Work request: All that should come back is the lines of the data below from the one containing "For this large-scale" to the one containing "Description: Department of", inclusive, exactly as they stand.

Source data:
——

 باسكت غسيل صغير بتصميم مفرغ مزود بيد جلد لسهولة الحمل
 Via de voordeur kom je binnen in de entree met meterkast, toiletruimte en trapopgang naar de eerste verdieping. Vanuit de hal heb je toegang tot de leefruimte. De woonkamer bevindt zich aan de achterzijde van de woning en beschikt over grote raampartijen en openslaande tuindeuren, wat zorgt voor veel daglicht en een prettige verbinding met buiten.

——

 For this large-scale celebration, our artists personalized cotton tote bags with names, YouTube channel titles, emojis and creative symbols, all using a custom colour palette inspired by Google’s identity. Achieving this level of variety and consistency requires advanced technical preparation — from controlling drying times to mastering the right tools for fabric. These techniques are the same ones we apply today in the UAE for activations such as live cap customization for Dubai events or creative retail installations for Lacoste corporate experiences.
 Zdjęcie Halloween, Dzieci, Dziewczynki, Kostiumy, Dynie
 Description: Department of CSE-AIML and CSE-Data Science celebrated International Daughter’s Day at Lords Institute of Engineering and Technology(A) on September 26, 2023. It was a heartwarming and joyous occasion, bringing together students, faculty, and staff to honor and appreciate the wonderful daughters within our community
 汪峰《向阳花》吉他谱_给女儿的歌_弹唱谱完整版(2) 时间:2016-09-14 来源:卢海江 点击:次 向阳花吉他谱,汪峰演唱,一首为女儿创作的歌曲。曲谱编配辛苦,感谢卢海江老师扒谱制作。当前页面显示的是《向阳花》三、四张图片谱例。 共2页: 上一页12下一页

——

Output for this task:
 For this large-scale celebration, our artists personalized cotton tote bags with names, YouTube channel titles, emojis and creative symbols, all using a custom colour palette inspired by Google’s identity. Achieving this level of variety and consistency requires advanced technical preparation — from controlling drying times to mastering the right tools for fabric. These techniques are the same ones we apply today in the UAE for activations such as live cap customization for Dubai events or creative retail installations for Lacoste corporate experiences.
 Zdjęcie Halloween, Dzieci, Dziewczynki, Kostiumy, Dynie
 Description: Department of CSE-AIML and CSE-Data Science celebrated International Daughter’s Day at Lords Institute of Engineering and Technology(A) on September 26, 2023. It was a heartwarming and joyous occasion, bringing together students, faculty, and staff to honor and appreciate the wonderful daughters within our community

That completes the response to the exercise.